» INSTRUCTIONS FOR THE TASK
The answer should be an exact repeat of the stretch of material below from the line containing "最終日のセレモニーです。キャンプで2級に進級した5名に弥栄を送りました。" through the line containing "강유정 대통령실 대변인이".

» GIVEN RECORDS
•••••

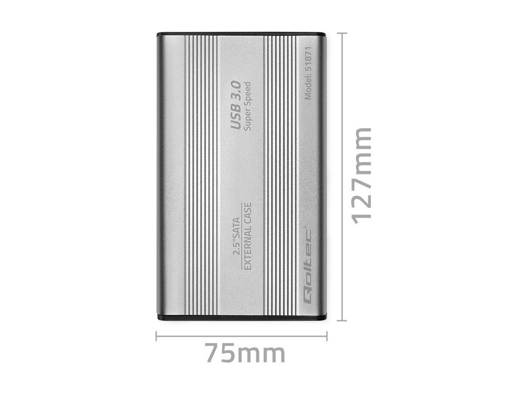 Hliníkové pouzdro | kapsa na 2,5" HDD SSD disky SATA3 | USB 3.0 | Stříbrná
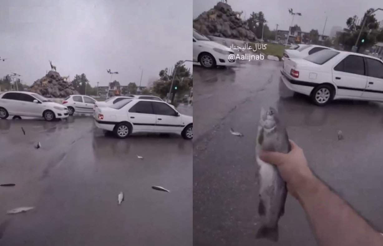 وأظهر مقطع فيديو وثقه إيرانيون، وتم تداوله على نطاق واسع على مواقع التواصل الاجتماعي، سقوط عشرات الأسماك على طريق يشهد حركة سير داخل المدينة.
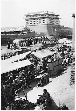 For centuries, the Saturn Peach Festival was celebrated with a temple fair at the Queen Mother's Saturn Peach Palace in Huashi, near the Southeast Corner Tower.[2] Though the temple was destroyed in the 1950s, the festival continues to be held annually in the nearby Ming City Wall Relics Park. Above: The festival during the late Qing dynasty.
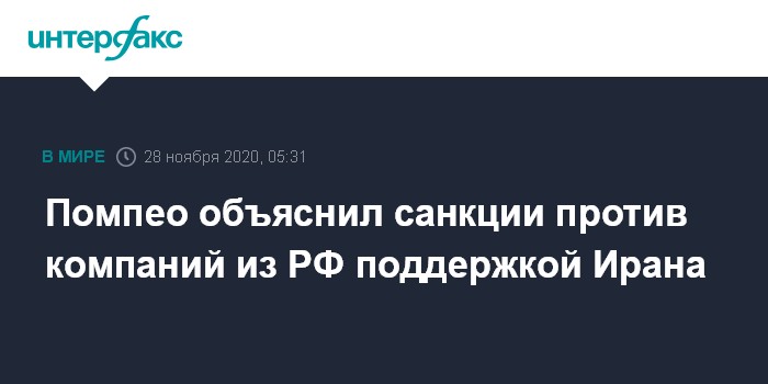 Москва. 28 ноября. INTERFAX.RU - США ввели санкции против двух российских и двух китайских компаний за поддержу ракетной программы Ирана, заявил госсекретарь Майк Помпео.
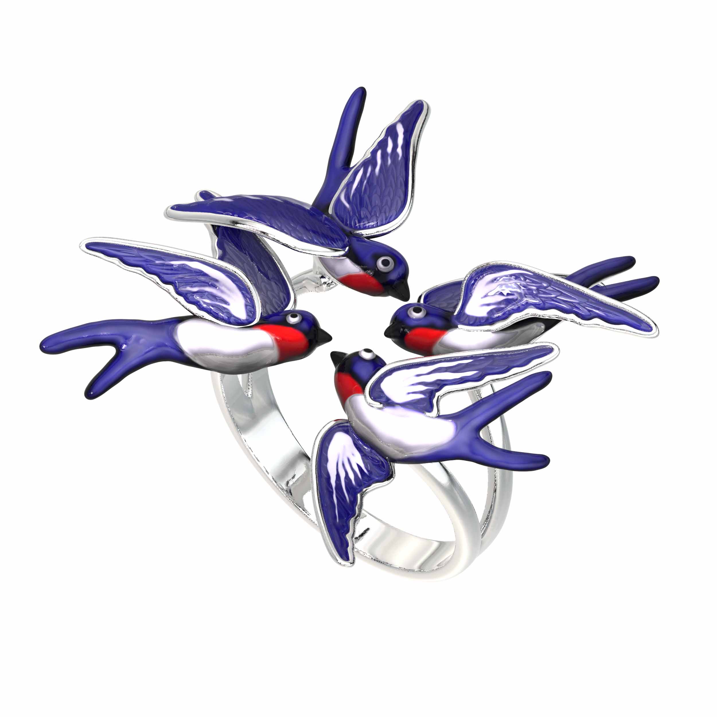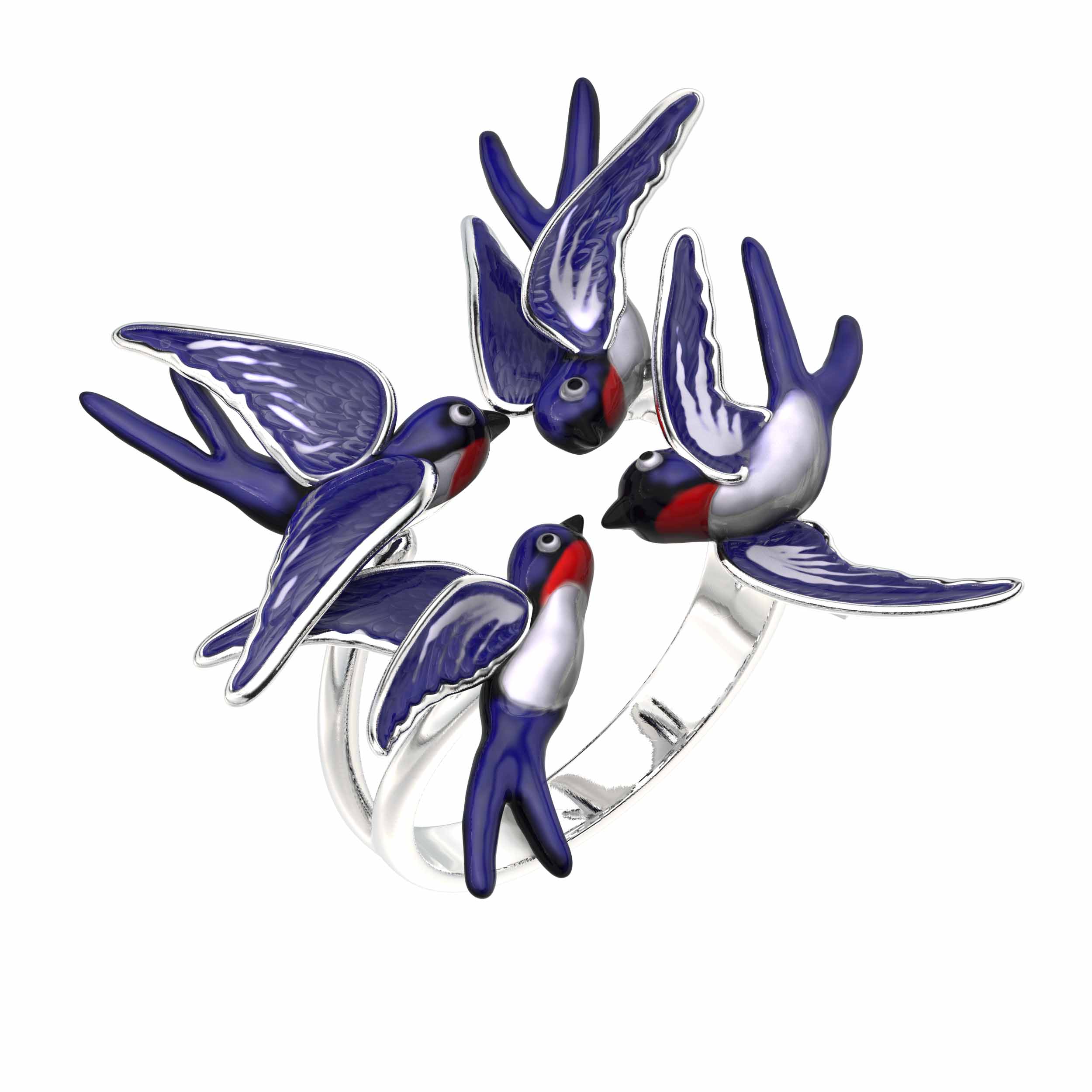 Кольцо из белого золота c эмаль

•••••

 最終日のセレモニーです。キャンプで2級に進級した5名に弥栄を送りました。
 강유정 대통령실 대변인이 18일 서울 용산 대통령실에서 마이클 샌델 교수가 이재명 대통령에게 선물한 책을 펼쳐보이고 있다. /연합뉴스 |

•••••

» YOUR SOLUTION
 最終日のセレモニーです。キャンプで2級に進級した5名に弥栄を送りました。
 강유정 대통령실 대변인이 18일 서울 용산 대통령실에서 마이클 샌델 교수가 이재명 대통령에게 선물한 책을 펼쳐보이고 있다. /연합뉴스 |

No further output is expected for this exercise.